This discussion has been archived. No new comments can be posted.

Physicists Say Graphene Could Create Mass

Comments Filter:
  • by somersault ( 912633 ) on Friday October 22, 2010 @12:56PM (#33986942) Homepage Journal

    Scientists have now isolated the particle that causes this strange mass inducing effect, and have dubbed it the "YoMamma".

  • What once would require a massive high-energy particle accelerator can now be tested with carbon, electricity, and wires, according to the recent paper."

    Out of the garage, into the lab, back to the garage. Bill Nye must be so proud :)

    • by mcgrew ( 92797 ) * on Friday October 22, 2010 @01:54PM (#33987862) Homepage Journal

      The link to the paper just gives the executive summary, which actually conveys little information. Even wikipedia wasn't much help. If there's a physicist out there, I get the impression that somehow leptons are being converted to fermions? If so, how, and why do they? If not, could someone give a good explanation?

      This is fascinating, but I can't find much explanation.

      http://www.ncbi.nlm.nih.gov/pubmed/17358966 [nih.gov]
      Magnetic confinement of massless Dirac fermions in graphene.
      De Martino A, Dell'Anna L, Egger R.

      Institut für Theoretische Physik, Heinrich-Heine-Universität, D-40225 Düsseldorf, Germany.

      Abstract
      Because of Klein tunneling, electrostatic potentials are unable to confine Dirac electrons. We show that it is possible to confine massless Dirac fermions in a monolayer graphene sheet by inhomogeneous magnetic fields. This allows one to design mesoscopic structures in graphene by magnetic barriers, e.g., quantum dots or quantum point contacts.

      PMID: 17358966 [PubMed]

      • by idontgno ( 624372 ) on Friday October 22, 2010 @02:01PM (#33987966) Journal

        If there's a physicist out there, I get the impression that somehow leptons are being converted to fermions?

        When life hands you leptons, make leptonaide.

        Indeed, I'm not a physicist. How'd you guess?

      • by kurokame ( 1764228 ) on Friday October 22, 2010 @02:08PM (#33988066)

        Actually, the abstract nails what the actual news here is.

        You can't confine a Dirac electron electrostatically. They show that it can be done with magnetic fields.
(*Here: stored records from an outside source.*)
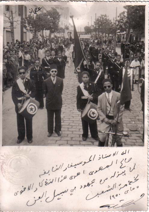 صورة مهدات للأستاذ صالح المهدي من المرحوم فرحات حشاد // يعد فيها قبل شهر مجموعة صوتية ممتازة من الشغالين برفقة طواقم الموسيقى النحاسية بتونس العاصمة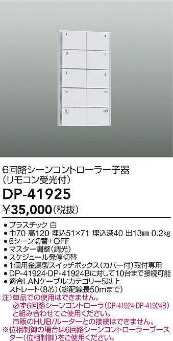 - 注)単体では使用できません。必ず6回路シーンコントローラー(DP-41924)と組み合わせてご使用ください。市販のHUB/ルーターとの接続はできません。
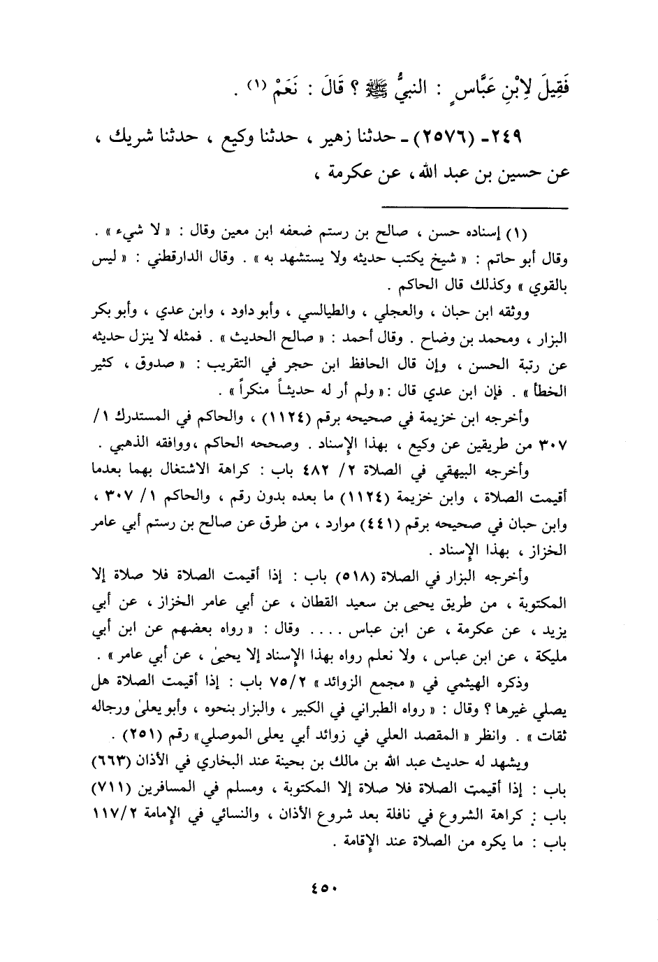 2576 - حَدَّثَنَا زُهَيْرٌ، حَدَّثَنَا وَكِيعٌ، حَدَّثَنَا شَرِيكٌ، عَنْ حُسَيْنِ بْنِ عَبْدِ اللَّهِ، عَنْ عِكْرِمَةَ، عَنِ ابْنِ عَبَّاسٍ أَنَّ رَسُولَ اللَّهِ صَلَّى اللهُ عَلَيْهِ وَسَلَّمَ «§صَلَّى فِي كِسَاءٍ يَتَّقِي بِفُضُولِهِ حَرَّ الْأَرْضِ وَبَرْدَهَا» Kإسناده ضعيف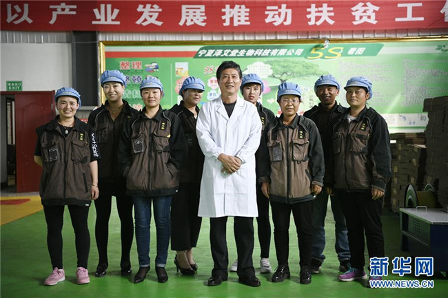 林玉清(左五)與當?shù)貑T工合影(8月30日攝)。來自福建莆田的林玉清2017年3月在西吉縣成立寧夏澤艾堂生物科技有限公司,依托西吉縣優(yōu)質的艾草種植條件,采用“公司+合作社+農戶”的訂單農業(yè)合作模式,與吉強、新營等鄉(xiāng)鎮(zhèn)種植專業(yè)合作社合作建成艾草種植基地11個、推廣種植艾草6000畝,為當?shù)厝罕娒撠氈赂讳伨托侣纷印P氯A社記者王鵬攝

This is sort of cool because it has potential ramifications for incorporating nanotechnology into electronics.

        After the wharrgarbl, it mutates into a headline about creating mass and using it to power FTL starships from video games.

      • Something Fishy (Score:5, Informative)
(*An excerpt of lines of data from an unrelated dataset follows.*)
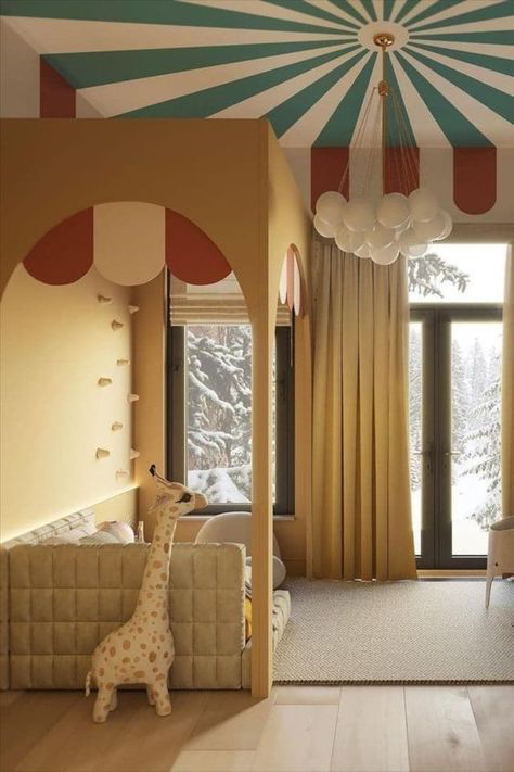 Another cute example of using a circus tent on the ceiling. While this one is in accent colors, the rest is kept quite in one color: yellow. I love that the red has been brought in to add a third color (if you know, you know: the rule of thirds), making this space really stunning.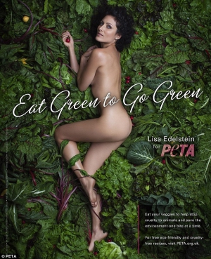 Кампания посвящена пропаганде вегетарианства, и снимок, на котором в окружении овощей и зелени возлежит 45-летняя обнаженная актриса, как бы намекает зрителю, что отказ от продуктов животного происхождения исключительно положительно сказывается на фигуре.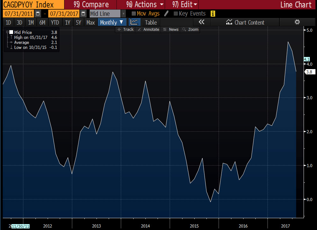 The afternoon reserved more bad news, this time from the US. The Canadian monthly GDP came out flat, while the US core price index fell to 1-3% from 1.4% previously.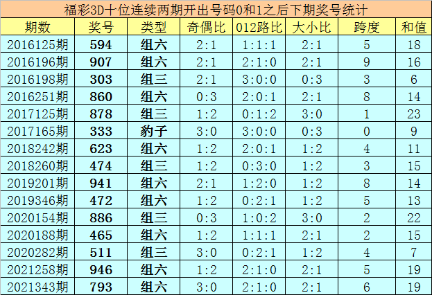 十位号码:前两期十位分别出现奖号0-1,历史上福彩3D连续前后分别开出号码0-1的现象共开出78次。在十位0-1的现象出现时,最近15期其下期分别开出号码:594-907-303-860-878-333-623-474-941-472-886-465-511-946-793;
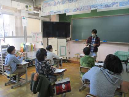 6年生は,昨日まで花背山の家へ宿泊学習に行っていたので,今日は4校時授業でした。4校時は,理科でてこのはたらきの学習でした。実験用てこを使って,左右のうでがつり合う時のきまりは何なのかを考えていました。

        by Roger W Moore ( 538166 ) on Friday October 22, 2010 @03:15PM (#33989052) Journal

        If there's a physicist out there, I get the impression that somehow leptons are being converted to fermions?

        Leptons (e..g electron) are fermions. However there is something very fishy with this paper. For example 10^6 m/s is not relativistic. If you calculate the gamma factor (gamma=1 is what Newtonian physics assumes) you get 1.0000056. This means they are very non-relativistic and Schrodinger should work fine for them unless there is some subtle effect at play. Indeed to give electrons this energy you need to accelerate them through a potential of 2.8 volts so rather than needed a particle accelerator any one with a vacuum pump, a vacuum-tight container, some wire and two AA batteries can experience the fun of "relativistic" electrons.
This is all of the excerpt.